- Born: Ruth Carla Perry 1969 Caversham
- Died: 8 January 2023
- Cause of death: Suicide, contributed to by an Ofsted inspection carried out in November 2022.

= Death of Ruth Perry =

2023 suicide in England

Ruth Perry was a British head teacher who died by suicide on 8 January 2023 while awaiting the publication of an Ofsted report which downgraded her school's rating from "outstanding" to "inadequate".

== Background ==

=== Ruth Perry ===
Ruth Carla Perry was raised in Caversham, a suburb of Reading, in Berkshire, England. She was the head teacher of Caversham Primary School in Reading for 13 years.

=== Ofsted ===
Ofsted is a non-ministerial department that inspects all state-funded schools in England.

== Inspection and death ==
Caversham Primary School (CPS) underwent an Ofsted inspection on 15 and 16 November 2022. This was the first Ofsted inspection that CPS had had for 13 years as there was previously a policy that meant schools rated outstanding were not inspected in line with usual timescales. This policy changed in 2021, and CPS was therefore due for an inspection.

A private memorial service was held at Reading Town Hall.

== Coroner's inquest ==
The inquest by Heidi Connor, Senior Coroner for Berkshire, concluded on 12 December 2023. The coroner concluded that Perry's death was a result of "Suicide, contributed to by an Ofsted inspection carried out in November 2022".

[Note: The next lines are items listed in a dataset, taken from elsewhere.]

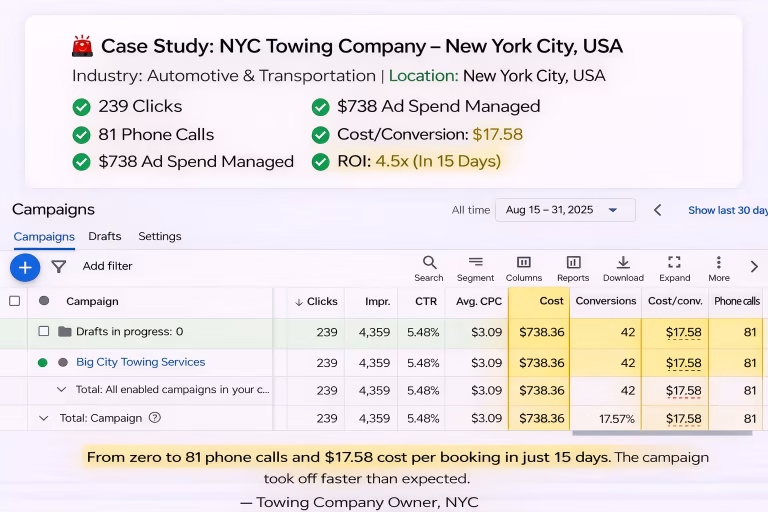 “From launch to results in just 15 days. Google Ads quickly started generating emergency towing calls with a strong return on ad spend.”
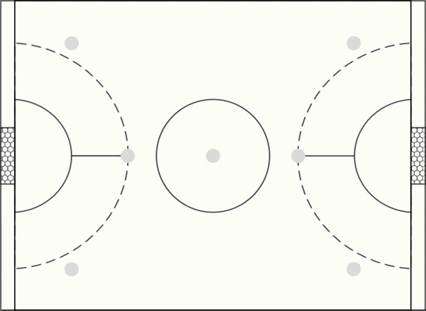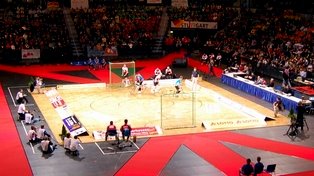 half-time break between halves. The cycle-ball court is 14 by 11 meters,
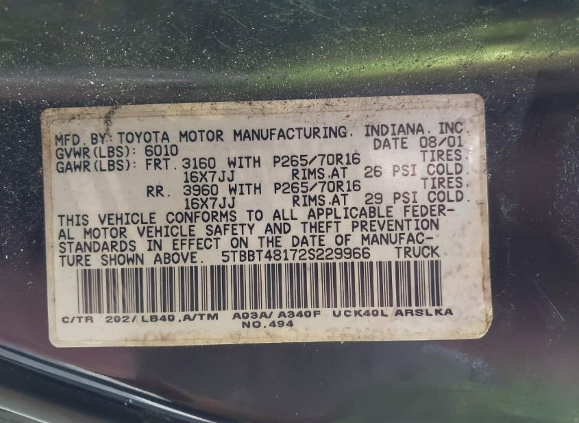 - VIN: 5TBBT48172S229966
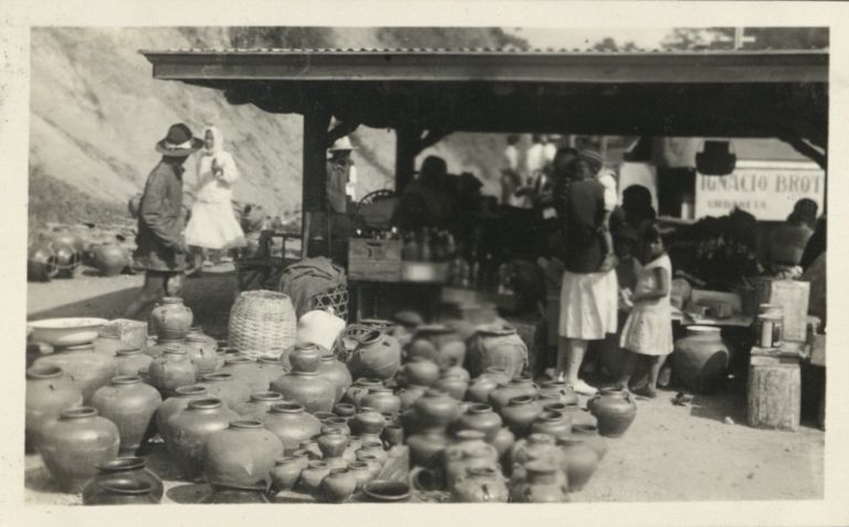 Subject: A market near Manila featuring pottery of all shapes and sizes. See also OFI-004262, which by the background may have been taken at the same place.
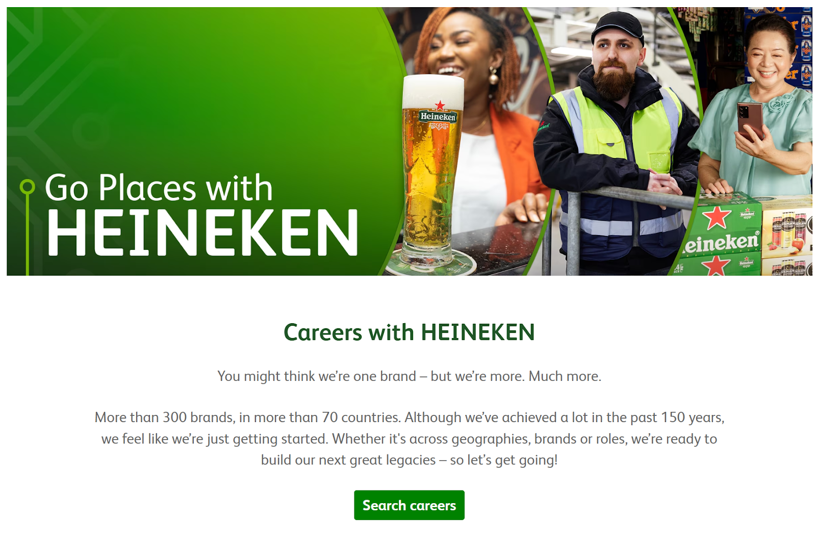 Heineken’s “Go Places” campaign positioned the employee journey as an adventure, celebrating diversity, creativity, and international opportunities across their 70+ markets.
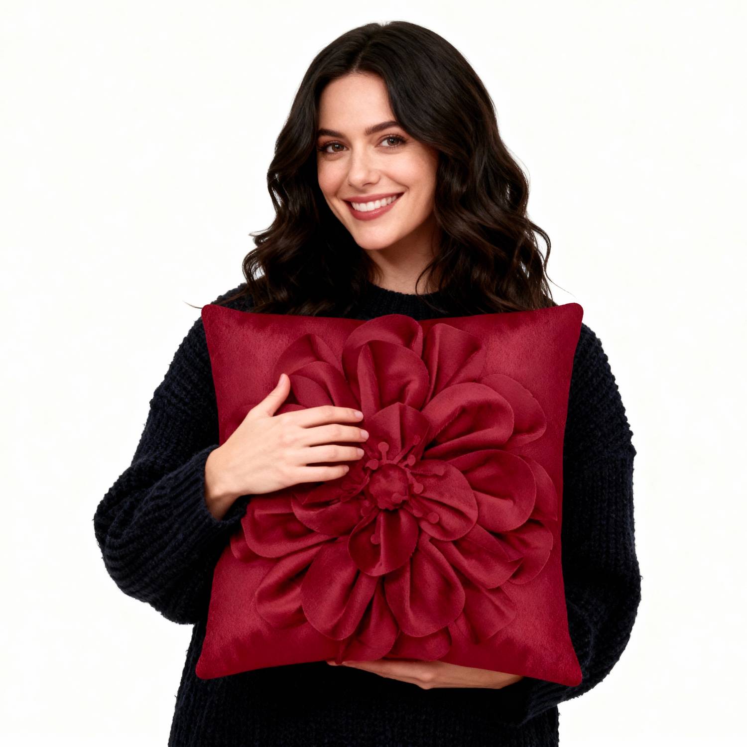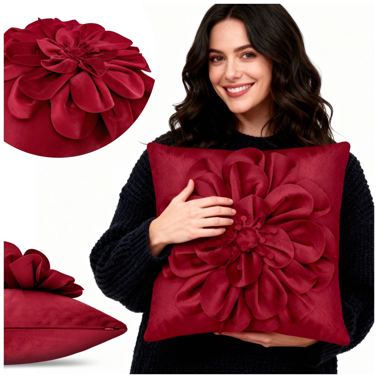 Elegancka poszewka dekoracyjna FOREVER YOURS Kwiat 3D 42x42 cm. Czerwony velvet i trójwymiarowy kwiat – wieczny symbol miłości. Idealny pomysł na prezent od Domarex.
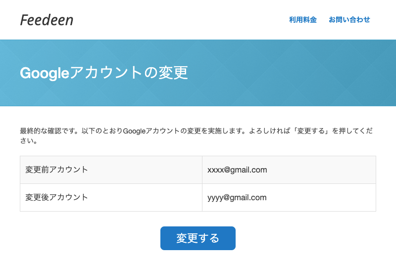 リカバリートークンを生成したアカウントのメールアドレスが表示されます。確認し、間違いなければ「変更する」ボタンを押してください。
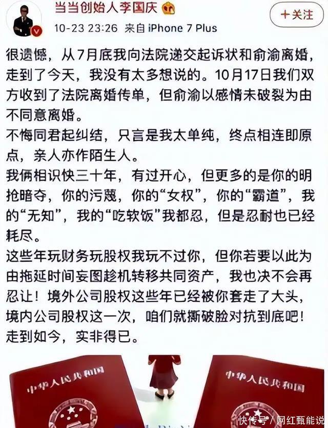 2019年10月,李国庆在微博上公开表示,自己已经向法院提交了离婚申请。 然而俞渝并没有同意这一诉求,她坚持认为两人之间仍然存在感情,并不符合法律认定的“感情破裂”条件。
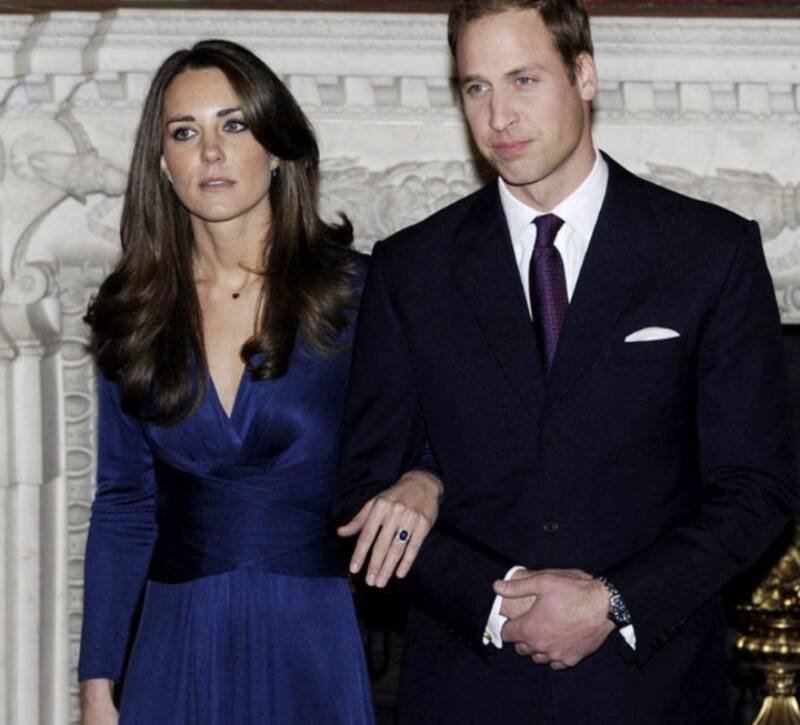 "Simétricamente (y quizás simbólicamente), la propia Kate Middleton más tarde usó un vestido azul real que reflejaba el anillo de la madre de William cuando estaba confirmando su propio compromiso con la prensa internacional".

School teaching and leadership unions had also reacted to Ms Perry’s death by calling for a pause to Ofsted inspections and reiterating long-standing calls for reform of the inspection system.

== Independent review ==
An independent review of Ofsted's response to the death was conducted by Dame Christine Gilbert and found that the agency was "defensive and complacent".

== Aftermath ==

=== Reforms ===
Prior to the 2024 general election, teaching and leadership unions intensified their calls for reform of the inspection regime. These calls were amplified following the death of Ruth Perry. On 2 September 2024, the Labour government announced single- or two-word overall effectiveness judgements for schools would cease with immediate effect. A new "scorecard" system would be introduced by 2025.